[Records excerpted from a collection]
━━━━━━━━

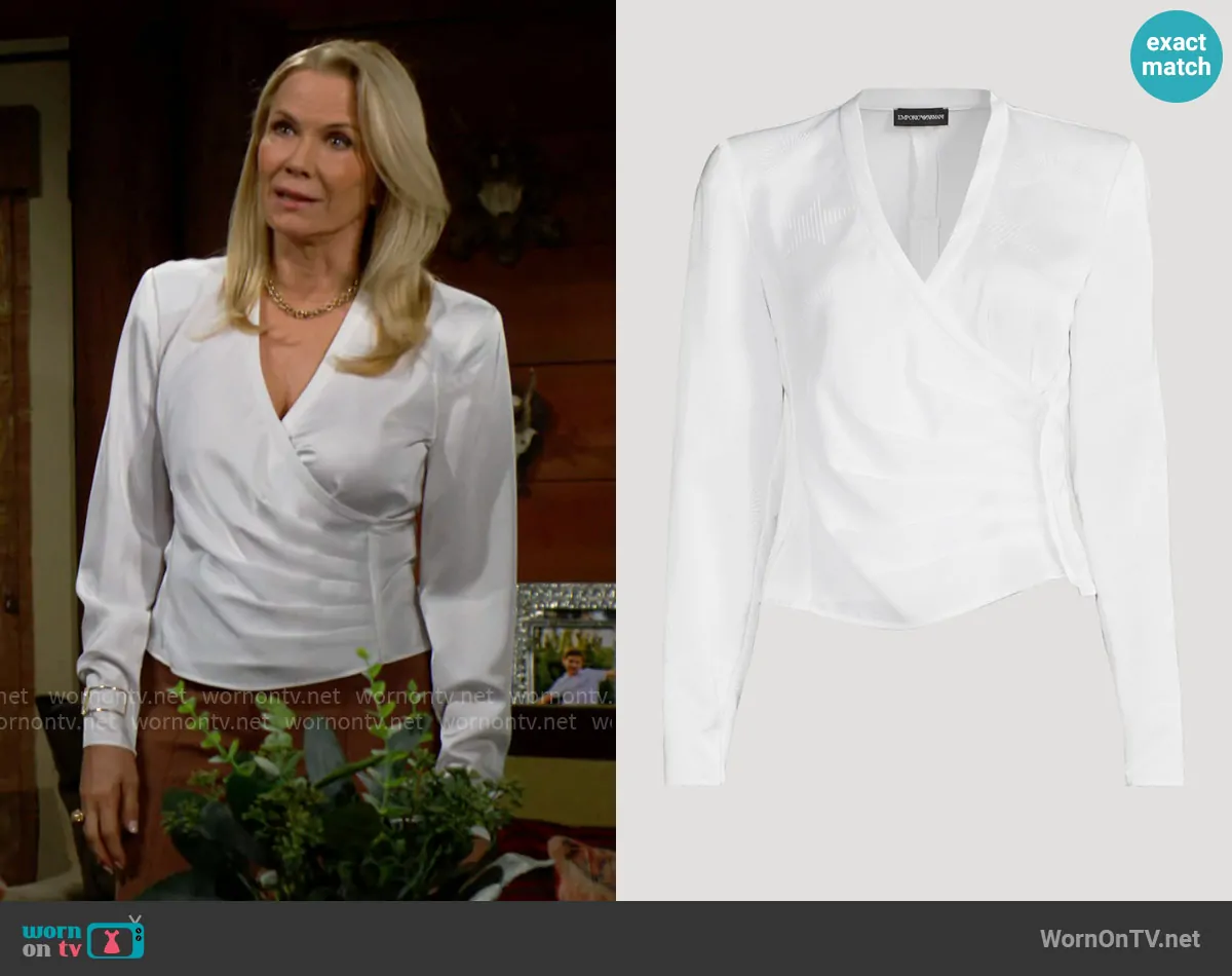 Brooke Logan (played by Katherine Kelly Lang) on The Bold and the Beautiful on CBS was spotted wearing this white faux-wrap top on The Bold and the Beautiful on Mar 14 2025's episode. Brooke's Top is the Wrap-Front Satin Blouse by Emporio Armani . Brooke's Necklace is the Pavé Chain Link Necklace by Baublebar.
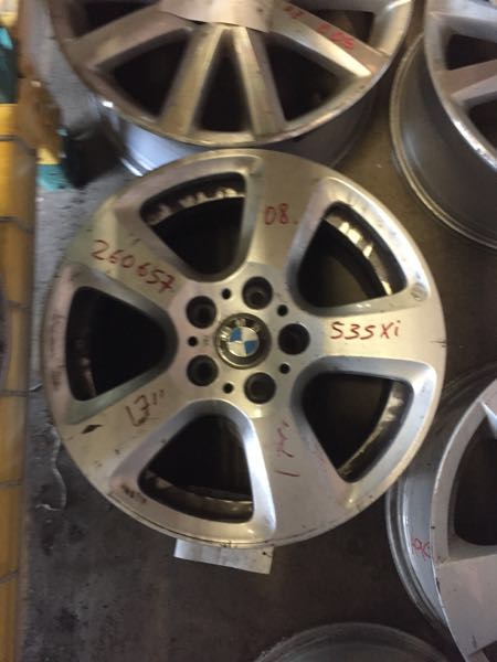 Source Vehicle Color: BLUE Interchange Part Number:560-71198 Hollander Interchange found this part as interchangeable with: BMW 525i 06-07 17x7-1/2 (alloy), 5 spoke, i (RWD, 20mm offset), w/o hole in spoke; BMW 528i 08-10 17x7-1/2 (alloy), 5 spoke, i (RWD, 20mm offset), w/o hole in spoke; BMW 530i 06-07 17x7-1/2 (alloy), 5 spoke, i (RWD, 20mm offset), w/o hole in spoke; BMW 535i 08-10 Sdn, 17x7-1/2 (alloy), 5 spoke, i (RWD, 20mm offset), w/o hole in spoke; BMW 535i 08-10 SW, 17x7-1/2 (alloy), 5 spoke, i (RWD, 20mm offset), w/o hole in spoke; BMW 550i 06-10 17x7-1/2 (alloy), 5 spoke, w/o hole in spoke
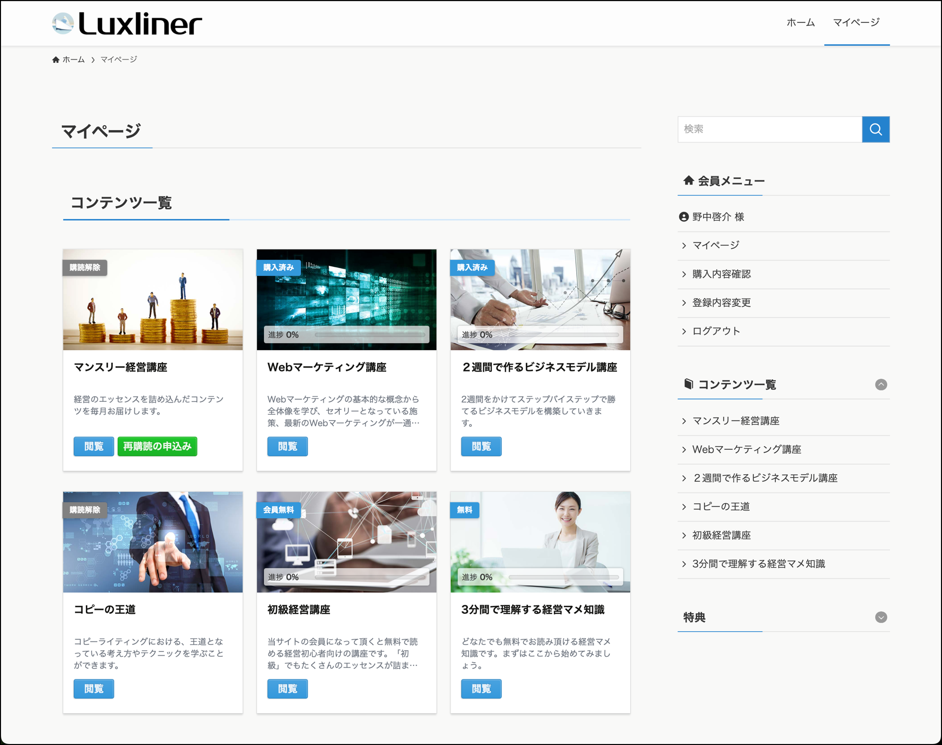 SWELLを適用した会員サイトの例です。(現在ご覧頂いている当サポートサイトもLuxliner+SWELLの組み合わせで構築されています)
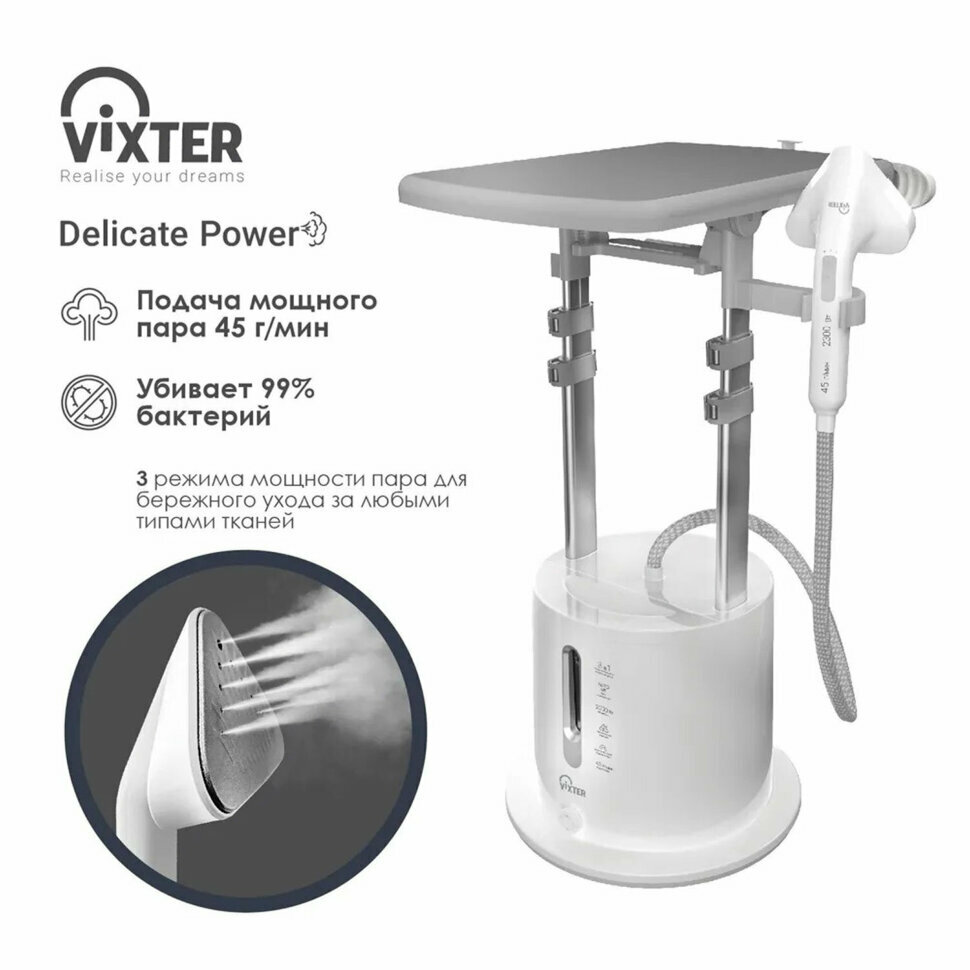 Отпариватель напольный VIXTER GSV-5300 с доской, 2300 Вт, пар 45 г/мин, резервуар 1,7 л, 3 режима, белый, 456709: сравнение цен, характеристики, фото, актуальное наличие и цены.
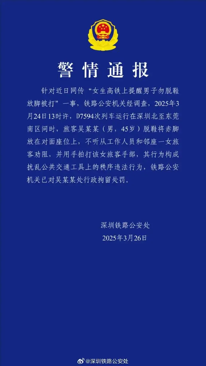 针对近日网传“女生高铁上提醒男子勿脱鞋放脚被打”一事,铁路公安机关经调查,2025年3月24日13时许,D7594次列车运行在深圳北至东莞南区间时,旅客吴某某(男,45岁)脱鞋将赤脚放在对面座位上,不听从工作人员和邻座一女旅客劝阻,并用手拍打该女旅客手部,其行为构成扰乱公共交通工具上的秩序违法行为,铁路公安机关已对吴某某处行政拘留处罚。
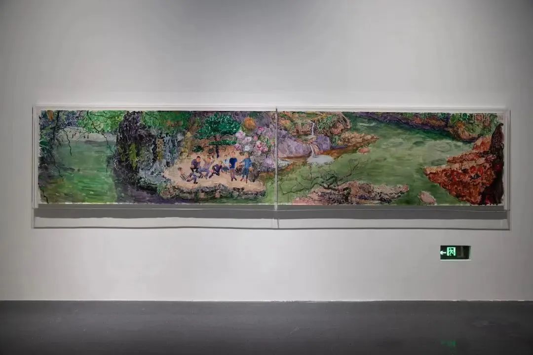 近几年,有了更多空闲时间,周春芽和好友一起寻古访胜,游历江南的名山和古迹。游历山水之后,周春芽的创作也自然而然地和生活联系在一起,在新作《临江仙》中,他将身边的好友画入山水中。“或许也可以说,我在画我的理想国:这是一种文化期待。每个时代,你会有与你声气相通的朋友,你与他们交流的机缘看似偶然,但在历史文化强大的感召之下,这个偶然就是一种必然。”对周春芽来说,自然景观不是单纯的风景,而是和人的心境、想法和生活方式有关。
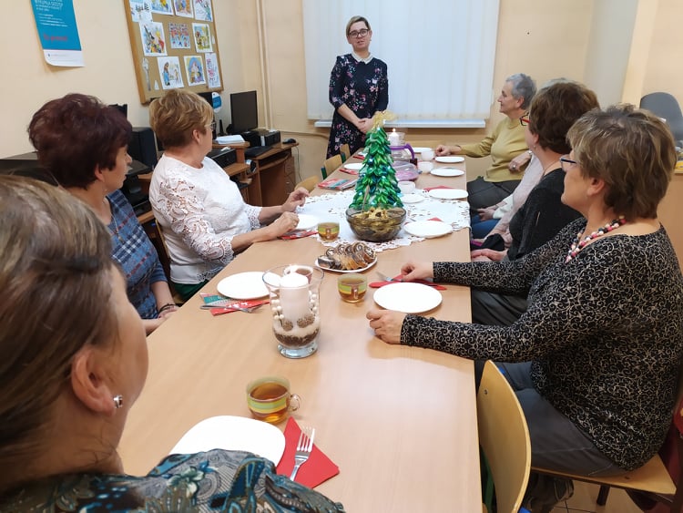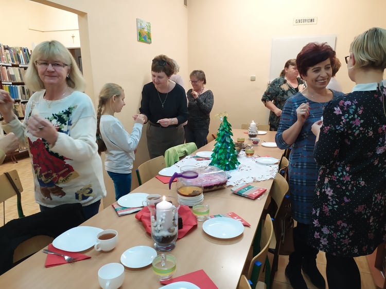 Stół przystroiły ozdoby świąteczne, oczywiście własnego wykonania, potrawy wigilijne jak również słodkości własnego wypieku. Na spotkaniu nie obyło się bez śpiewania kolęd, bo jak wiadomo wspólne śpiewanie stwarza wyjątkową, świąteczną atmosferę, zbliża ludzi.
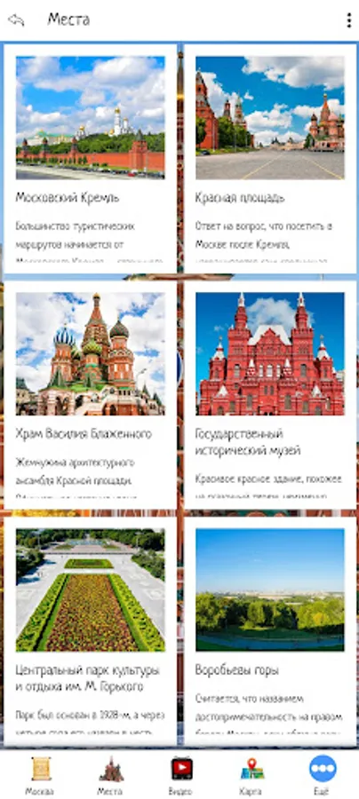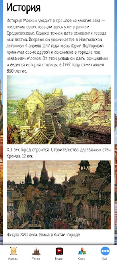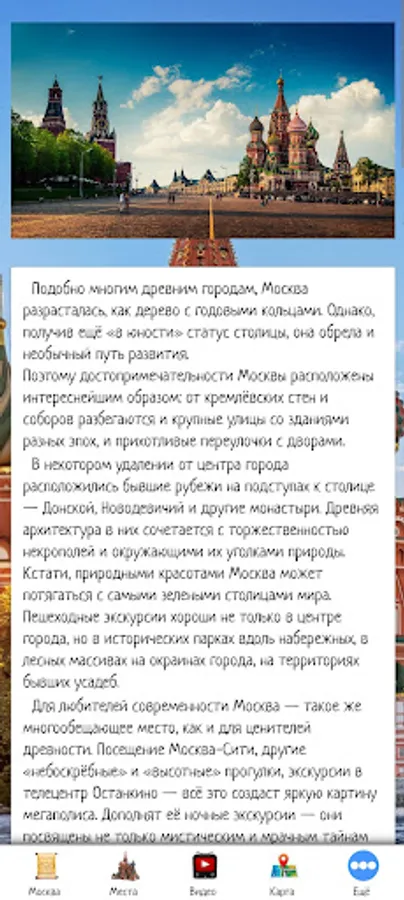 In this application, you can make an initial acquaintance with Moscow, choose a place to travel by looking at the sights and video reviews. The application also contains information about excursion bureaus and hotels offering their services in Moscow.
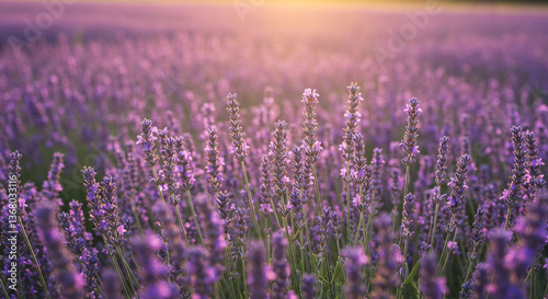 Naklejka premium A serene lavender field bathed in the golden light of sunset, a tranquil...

━━━━━━━━

**GOAL OF THE EXERCISE:** Every entry above is to be copied verbatim, with the pictures removed.

**YOUR RESPONSE:**
 Brooke Logan (played by Katherine Kelly Lang) on The Bold and the Beautiful on CBS was spotted wearing this white faux-wrap top on The Bold and the Beautiful on Mar 14 2025's episode. Brooke's Top is the Wrap-Front Satin Blouse by Emporio Armani . Brooke's Necklace is the Pavé Chain Link Necklace by Baublebar.
 Source Vehicle Color: BLUE Interchange Part Number:560-71198 Hollander Interchange found this part as interchangeable with: BMW 525i 06-07 17x7-1/2 (alloy), 5 spoke, i (RWD, 20mm offset), w/o hole in spoke; BMW 528i 08-10 17x7-1/2 (alloy), 5 spoke, i (RWD, 20mm offset), w/o hole in spoke; BMW 530i 06-07 17x7-1/2 (alloy), 5 spoke, i (RWD, 20mm offset), w/o hole in spoke; BMW 535i 08-10 Sdn, 17x7-1/2 (alloy), 5 spoke, i (RWD, 20mm offset), w/o hole in spoke; BMW 535i 08-10 SW, 17x7-1/2 (alloy), 5 spoke, i (RWD, 20mm offset), w/o hole in spoke; BMW 550i 06-10 17x7-1/2 (alloy), 5 spoke, w/o hole in spoke
 SWELLを適用した会員サイトの例です。(現在ご覧頂いている当サポートサイトもLuxliner+SWELLの組み合わせで構築されています)
 Отпариватель напольный VIXTER GSV-5300 с доской, 2300 Вт, пар 45 г/мин, резервуар 1,7 л, 3 режима, белый, 456709: сравнение цен, характеристики, фото, актуальное наличие и цены.
 针对近日网传“女生高铁上提醒男子勿脱鞋放脚被打”一事,铁路公安机关经调查,2025年3月24日13时许,D7594次列车运行在深圳北至东莞南区间时,旅客吴某某(男,45岁)脱鞋将赤脚放在对面座位上,不听从工作人员和邻座一女旅客劝阻,并用手拍打该女旅客手部,其行为构成扰乱公共交通工具上的秩序违法行为,铁路公安机关已对吴某某处行政拘留处罚。
 近几年,有了更多空闲时间,周春芽和好友一起寻古访胜,游历江南的名山和古迹。游历山水之后,周春芽的创作也自然而然地和生活联系在一起,在新作《临江仙》中,他将身边的好友画入山水中。“或许也可以说,我在画我的理想国:这是一种文化期待。每个时代,你会有与你声气相通的朋友,你与他们交流的机缘看似偶然,但在历史文化强大的感召之下,这个偶然就是一种必然。”对周春芽来说,自然景观不是单纯的风景,而是和人的心境、想法和生活方式有关。
 Stół przystroiły ozdoby świąteczne, oczywiście własnego wykonania, potrawy wigilijne jak również słodkości własnego wypieku. Na spotkaniu nie obyło się bez śpiewania kolęd, bo jak wiadomo wspólne śpiewanie stwarza wyjątkową, świąteczną atmosferę, zbliża ludzi.
 In this application, you can make an initial acquaintance with Moscow, choose a place to travel by looking at the sights and video reviews. The application also contains information about excursion bureaus and hotels offering their services in Moscow.
 Naklejka premium A serene lavender field bathed in the golden light of sunset, a tranquil...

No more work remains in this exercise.